Without including any pictures, please copy every entry below exactly.
-------- TASK MATERIAL
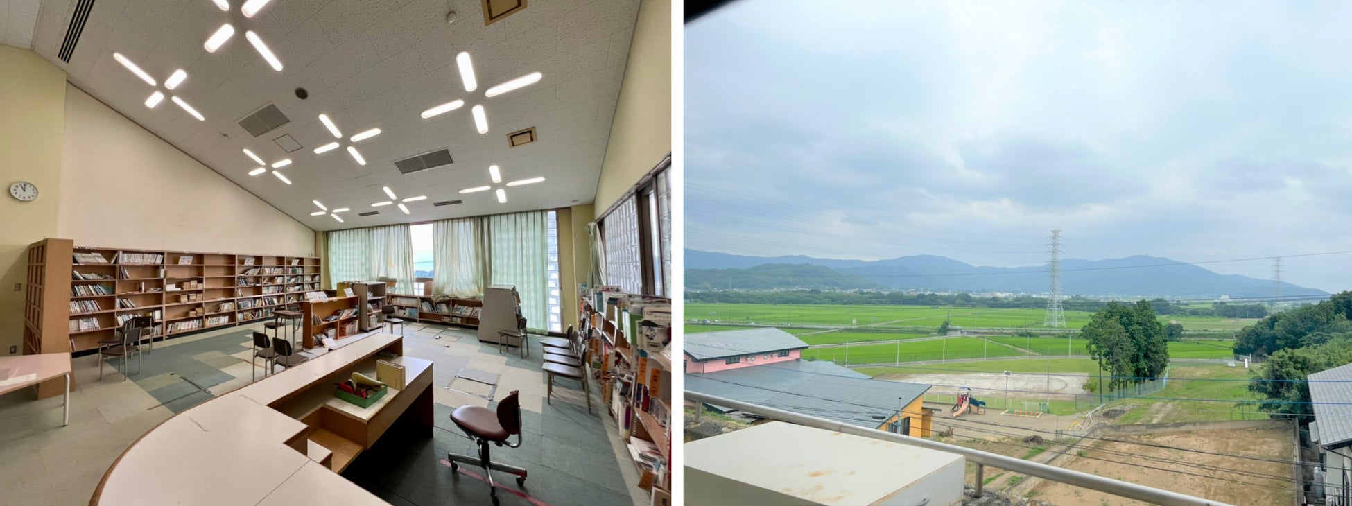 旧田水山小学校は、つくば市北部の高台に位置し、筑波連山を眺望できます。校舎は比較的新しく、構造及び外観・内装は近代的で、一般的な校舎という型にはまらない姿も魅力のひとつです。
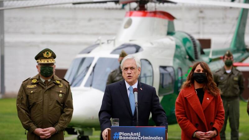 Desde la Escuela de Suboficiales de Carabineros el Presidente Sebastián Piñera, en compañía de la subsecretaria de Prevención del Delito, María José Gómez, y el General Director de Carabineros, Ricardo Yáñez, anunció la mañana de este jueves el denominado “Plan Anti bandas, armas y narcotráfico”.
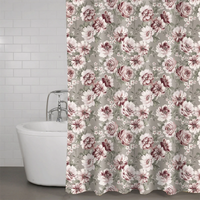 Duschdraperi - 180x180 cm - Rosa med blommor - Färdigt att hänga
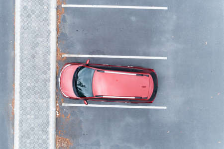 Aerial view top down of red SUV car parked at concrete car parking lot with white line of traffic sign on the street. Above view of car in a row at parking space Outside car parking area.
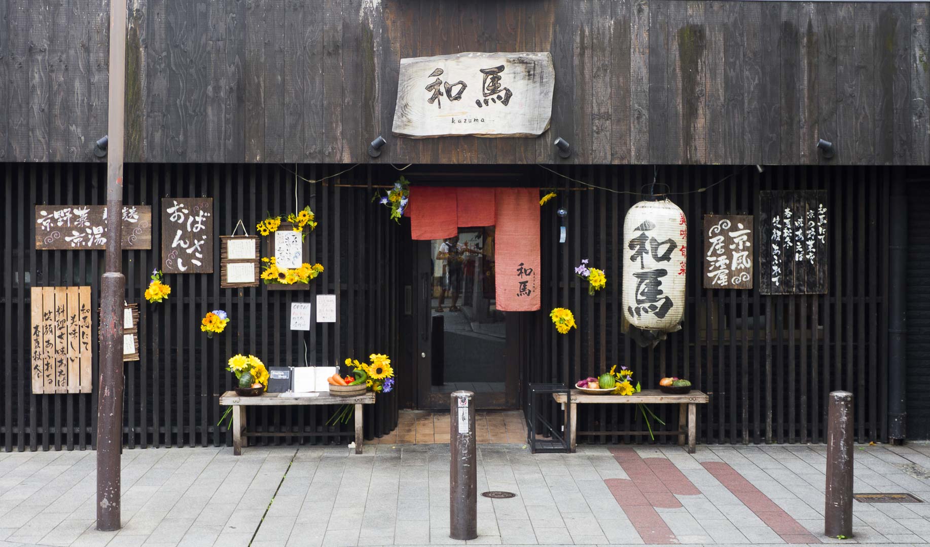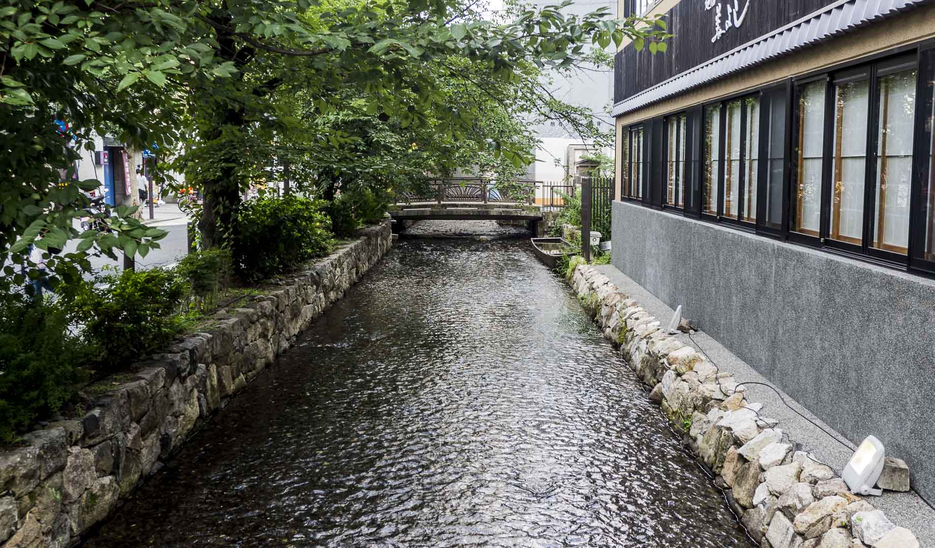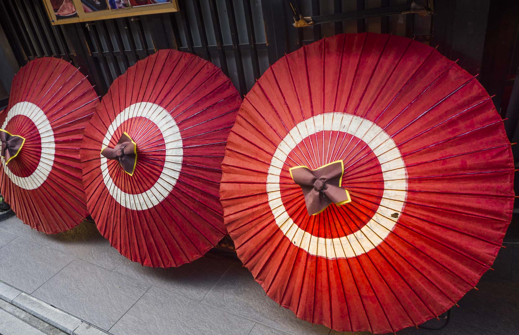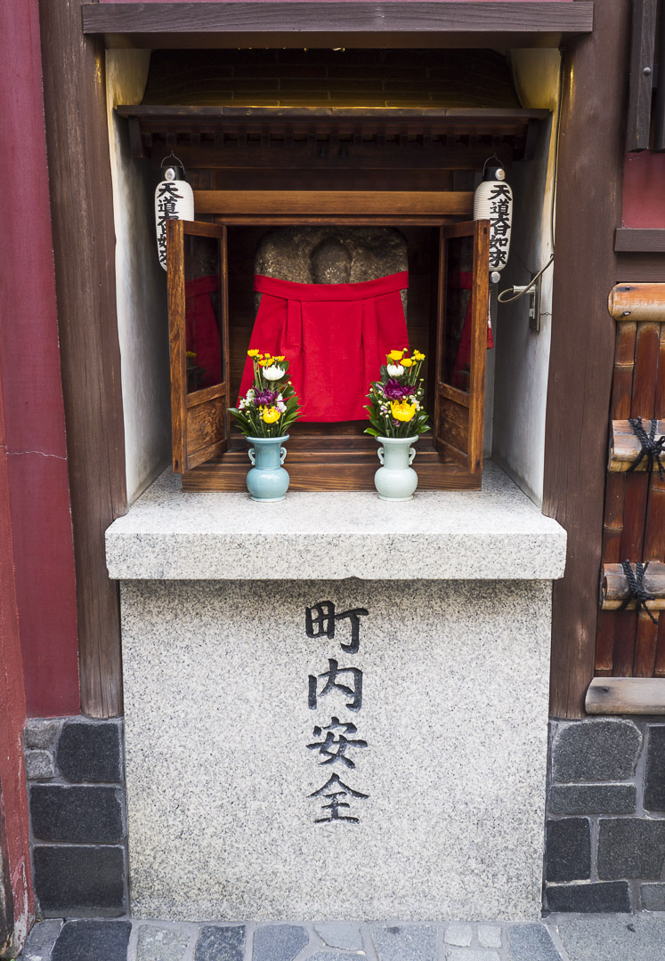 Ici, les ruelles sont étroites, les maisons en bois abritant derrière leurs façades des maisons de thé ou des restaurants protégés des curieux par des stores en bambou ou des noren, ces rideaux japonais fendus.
----------------
ANSWER TO THIS TASK |
 旧田水山小学校は、つくば市北部の高台に位置し、筑波連山を眺望できます。校舎は比較的新しく、構造及び外観・内装は近代的で、一般的な校舎という型にはまらない姿も魅力のひとつです。
 Desde la Escuela de Suboficiales de Carabineros el Presidente Sebastián Piñera, en compañía de la subsecretaria de Prevención del Delito, María José Gómez, y el General Director de Carabineros, Ricardo Yáñez, anunció la mañana de este jueves el denominado “Plan Anti bandas, armas y narcotráfico”.
 Duschdraperi - 180x180 cm - Rosa med blommor - Färdigt att hänga
 Aerial view top down of red SUV car parked at concrete car parking lot with white line of traffic sign on the street. Above view of car in a row at parking space Outside car parking area.
 Ici, les ruelles sont étroites, les maisons en bois abritant derrière leurs façades des maisons de thé ou des restaurants protégés des curieux par des stores en bambou ou des noren, ces rideaux japonais fendus.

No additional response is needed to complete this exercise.